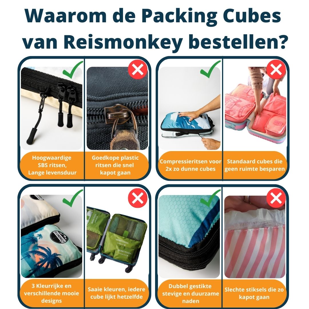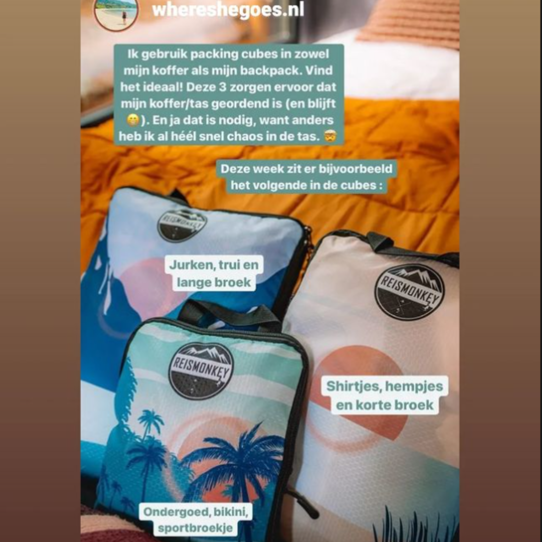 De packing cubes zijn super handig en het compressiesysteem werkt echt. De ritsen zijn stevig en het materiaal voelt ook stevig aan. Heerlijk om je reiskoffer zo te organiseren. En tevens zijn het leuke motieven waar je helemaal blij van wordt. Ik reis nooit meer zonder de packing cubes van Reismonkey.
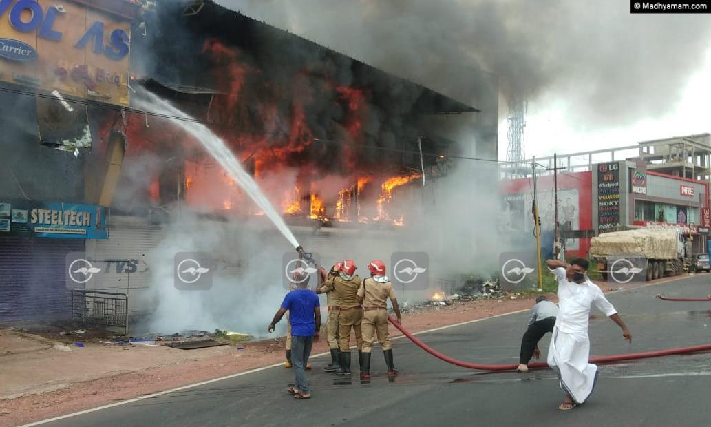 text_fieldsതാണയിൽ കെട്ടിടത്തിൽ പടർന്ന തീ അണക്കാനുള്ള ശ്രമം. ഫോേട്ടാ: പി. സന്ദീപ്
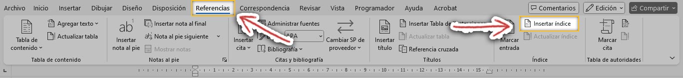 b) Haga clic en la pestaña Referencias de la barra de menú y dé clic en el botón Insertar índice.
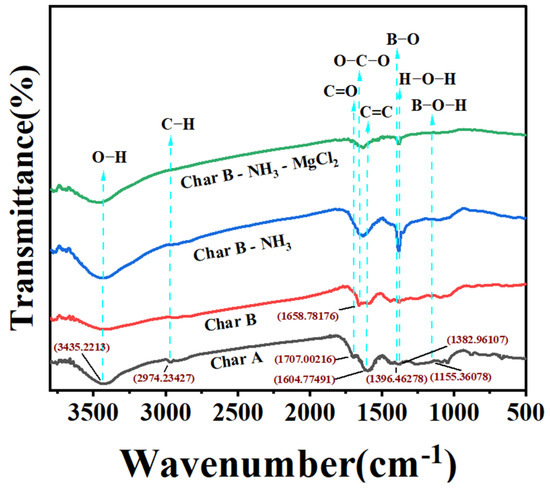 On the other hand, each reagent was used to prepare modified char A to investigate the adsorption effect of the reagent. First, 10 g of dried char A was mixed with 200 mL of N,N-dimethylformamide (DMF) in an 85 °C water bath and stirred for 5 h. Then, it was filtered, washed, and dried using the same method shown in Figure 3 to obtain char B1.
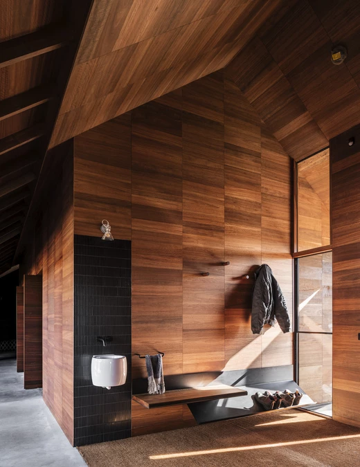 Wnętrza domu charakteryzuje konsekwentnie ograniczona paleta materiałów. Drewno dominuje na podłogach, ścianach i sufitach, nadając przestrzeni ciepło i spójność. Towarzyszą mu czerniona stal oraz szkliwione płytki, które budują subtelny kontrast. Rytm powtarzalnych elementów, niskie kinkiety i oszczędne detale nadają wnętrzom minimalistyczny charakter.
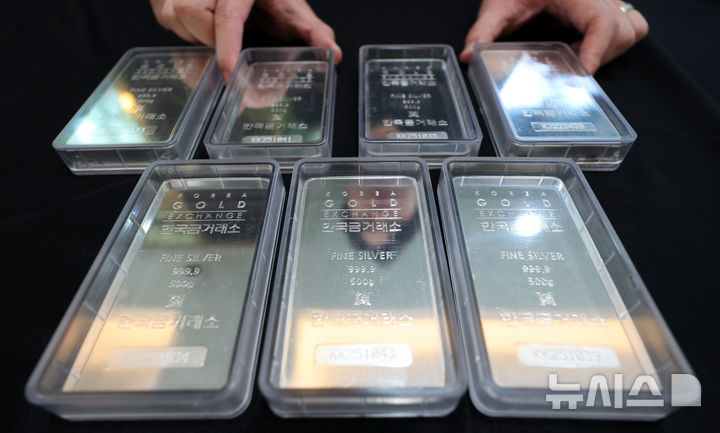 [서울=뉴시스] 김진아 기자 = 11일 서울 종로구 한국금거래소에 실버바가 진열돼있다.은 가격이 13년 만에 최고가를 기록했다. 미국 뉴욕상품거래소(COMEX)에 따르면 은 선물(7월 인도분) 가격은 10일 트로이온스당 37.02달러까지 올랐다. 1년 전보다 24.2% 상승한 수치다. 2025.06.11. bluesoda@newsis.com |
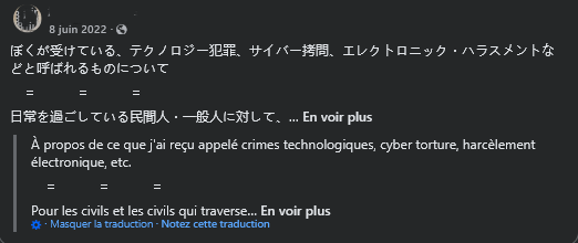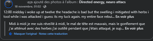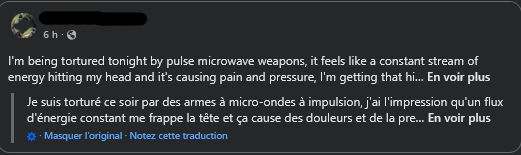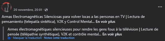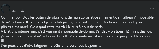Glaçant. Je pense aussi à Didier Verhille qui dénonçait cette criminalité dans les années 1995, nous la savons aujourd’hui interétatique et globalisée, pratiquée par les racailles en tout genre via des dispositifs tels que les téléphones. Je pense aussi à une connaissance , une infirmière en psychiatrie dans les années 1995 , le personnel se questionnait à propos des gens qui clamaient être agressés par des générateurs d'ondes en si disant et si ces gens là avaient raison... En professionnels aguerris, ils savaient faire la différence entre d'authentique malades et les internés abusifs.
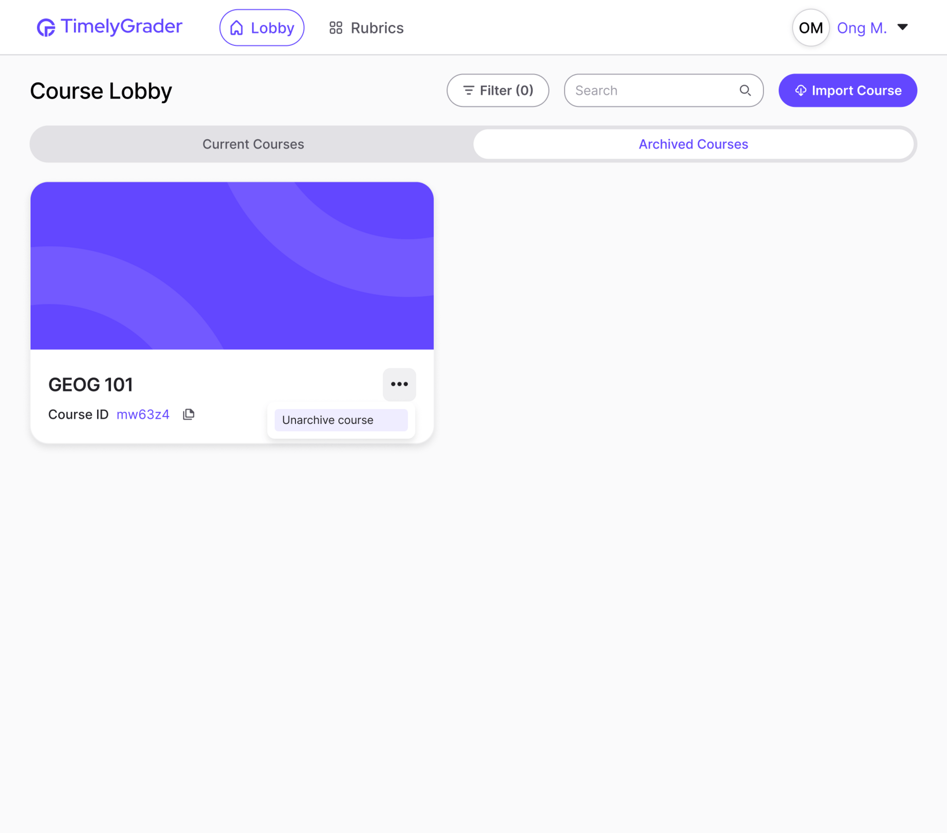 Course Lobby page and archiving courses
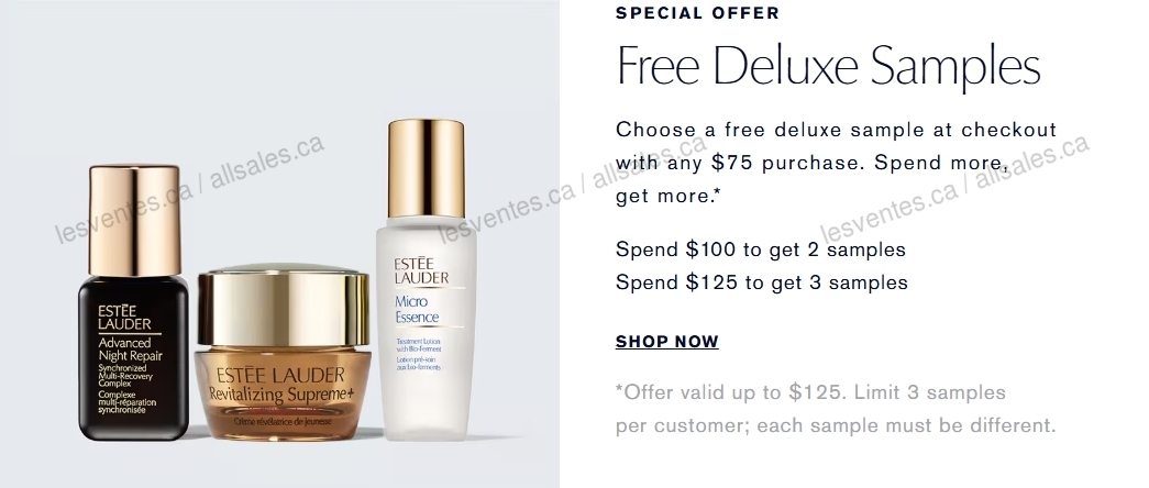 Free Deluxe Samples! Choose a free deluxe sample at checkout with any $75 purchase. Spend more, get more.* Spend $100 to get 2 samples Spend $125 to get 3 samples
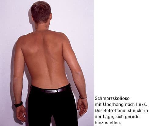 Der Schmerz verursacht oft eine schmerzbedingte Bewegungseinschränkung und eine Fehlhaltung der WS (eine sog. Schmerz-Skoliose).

---

To do: Set every record down verbatim. No pictures belong in the copy.

Written response:
 De packing cubes zijn super handig en het compressiesysteem werkt echt. De ritsen zijn stevig en het materiaal voelt ook stevig aan. Heerlijk om je reiskoffer zo te organiseren. En tevens zijn het leuke motieven waar je helemaal blij van wordt. Ik reis nooit meer zonder de packing cubes van Reismonkey.
 text_fieldsതാണയിൽ കെട്ടിടത്തിൽ പടർന്ന തീ അണക്കാനുള്ള ശ്രമം. ഫോേട്ടാ: പി. സന്ദീപ്
 b) Haga clic en la pestaña Referencias de la barra de menú y dé clic en el botón Insertar índice.
 On the other hand, each reagent was used to prepare modified char A to investigate the adsorption effect of the reagent. First, 10 g of dried char A was mixed with 200 mL of N,N-dimethylformamide (DMF) in an 85 °C water bath and stirred for 5 h. Then, it was filtered, washed, and dried using the same method shown in Figure 3 to obtain char B1.
 Wnętrza domu charakteryzuje konsekwentnie ograniczona paleta materiałów. Drewno dominuje na podłogach, ścianach i sufitach, nadając przestrzeni ciepło i spójność. Towarzyszą mu czerniona stal oraz szkliwione płytki, które budują subtelny kontrast. Rytm powtarzalnych elementów, niskie kinkiety i oszczędne detale nadają wnętrzom minimalistyczny charakter.
 [서울=뉴시스] 김진아 기자 = 11일 서울 종로구 한국금거래소에 실버바가 진열돼있다.은 가격이 13년 만에 최고가를 기록했다. 미국 뉴욕상품거래소(COMEX)에 따르면 은 선물(7월 인도분) 가격은 10일 트로이온스당 37.02달러까지 올랐다. 1년 전보다 24.2% 상승한 수치다. 2025.06.11. bluesoda@newsis.com |
Glaçant. Je pense aussi à Didier Verhille qui dénonçait cette criminalité dans les années 1995, nous la savons aujourd’hui interétatique et globalisée, pratiquée par les racailles en tout genre via des dispositifs tels que les téléphones. Je pense aussi à une connaissance , une infirmière en psychiatrie dans les années 1995 , le personnel se questionnait à propos des gens qui clamaient être agressés par des générateurs d'ondes en si disant et si ces gens là avaient raison... En professionnels aguerris, ils savaient faire la différence entre d'authentique malades et les internés abusifs.
 Course Lobby page and archiving courses
 Free Deluxe Samples! Choose a free deluxe sample at checkout with any $75 purchase. Spend more, get more.* Spend $100 to get 2 samples Spend $125 to get 3 samples
 Der Schmerz verursacht oft eine schmerzbedingte Bewegungseinschränkung und eine Fehlhaltung der WS (eine sog. Schmerz-Skoliose).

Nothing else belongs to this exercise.